From William Thomas to his brother-in-law, Matthew Kreisle, and his sister, Sophie T. Kreisle, about the Union bombardment of Corpus Christi. Translated by the Dept. of Germanic Languages, Univ. of Texas at Austin, retyped and edited by Harold Mueller, 1987. Italicization indicates added comments.


Corpus Christi
August 20th, 1862 [Wednesday]
Brother-in-law and sister

To keep my promise I will take the opportunity and drop you a few lines. I want to tell you that thank God I am still sound hoping the same for you. I guess the few lines I wrote to you at Sunday informed you about the fight we had. The Yankees came at Thursday [Aug. 14] and the bombardment began Saturday morning 3:30 A. M. [Aug. 16th] and lasted till around 5:00 P. M. Sunday [Aug. 17] was ceasefire but it started again Monday morning and continued till Tuesday evening [Aug. 19]; yesterday morning they fired one shot and sailed away. I do not know when the Yankees will be back, probably soon; I think the next time things will not be passing off as well as this time for we have only one dead and two or three casualties. The Yankees certainly will come back with reinforcement to give us another idea of their warfare. I wish this war would be over for bad beef and bread embitters life; wheat coffee is our daily food and I am not pleased with that. Thursday night at twelve o'clock, which was the time when the enemy came, we had to leave the town carrying all our stuff on our backs to get protection in a ranch nearby Corpus. Bombs and shells flew around, but our protection was too good, they could not do anything [to] us. It was totally a cannon fight. The most of our paraphernalia are stored five miles away from here, because we feared to lose them. At first the enemy fired about 350 shots, answered by about 150 shots on our side. Without the fortification which was constructed by [Gen. Zachary] Taylor during the Mexican war, we would have had to give up Corpus Christi, but as the case was, the enemy had to sail away in battered boats; two companies are still here together with our battalion. Major Hobby got 2 shots, one in the hat the other one hit his forehead, but not dangerously.
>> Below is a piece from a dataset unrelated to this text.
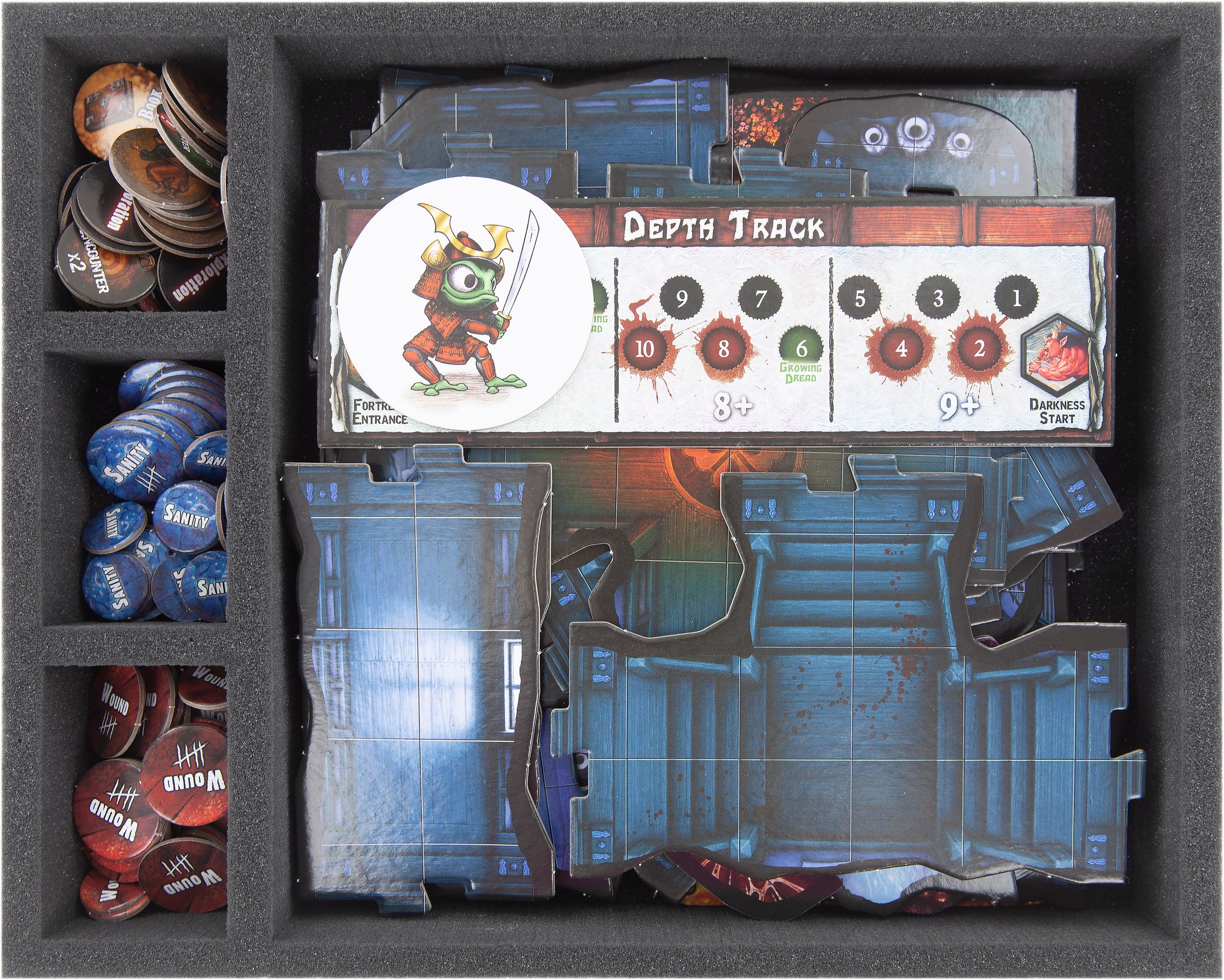 - 2 foam trays with 25 compartments each for tokens, dice and small miniatures (FSLQ050BO)
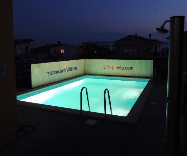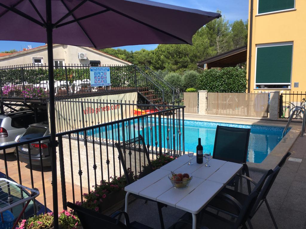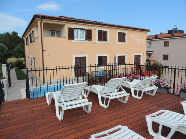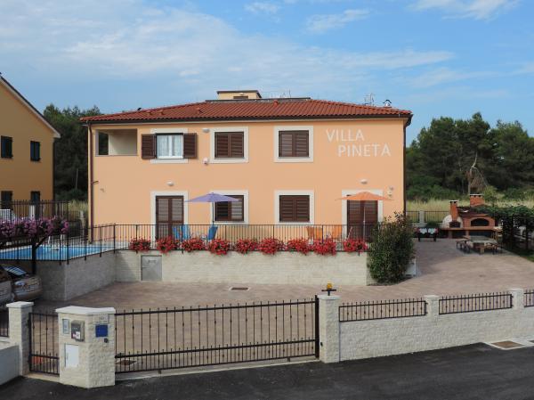 Villa Pineta, beliggende i Fažana, nær nationalparken Brijuni og nær Pineta lejren, kun 650 meter fra stranden, byder på en uforglemmelig ferie i sine 5 moderne udstyrede og komfortable suiter. Havudsigt villaen tilbyder afslapning, fornøjelse i frisk havluft og fordelene ved en nærliggende fyrreskov, rekreation og aktiv ferie. Lejlighederne har aircondition, gratis internetadgang og satellit-tv. For hver lejlighed er der to parkeringspladser. Parkering er også lukket under overvågning af sikkerhedskameraer.

Do ask Mr. Schoneberger whether the war will be over soon; from my point of view down here, it is going to last for quite a while.

The houses here are heavily battered; some of them got 5 or 6 charges. The matter turned out totally different from what I thought before at the time when I left you. I hope that the Yankees do not come back because I have respect for gunpowder and lead as it is very dangerous. I do not know when I will see you again, but I hope to meet you soon; I would like to hear from you soon.  Please excuse the bad handwriting, but the letter was written in a great hurry. I want to finish my letter in the hope that I will see you again soon.

Many greetings to the whole family L. C. Willi H. Ea. M.
 
Remind Schoeneberger and family Seidel of me as well as Eggs, Goldman, if he is still alive and all friends of mine who ask for me.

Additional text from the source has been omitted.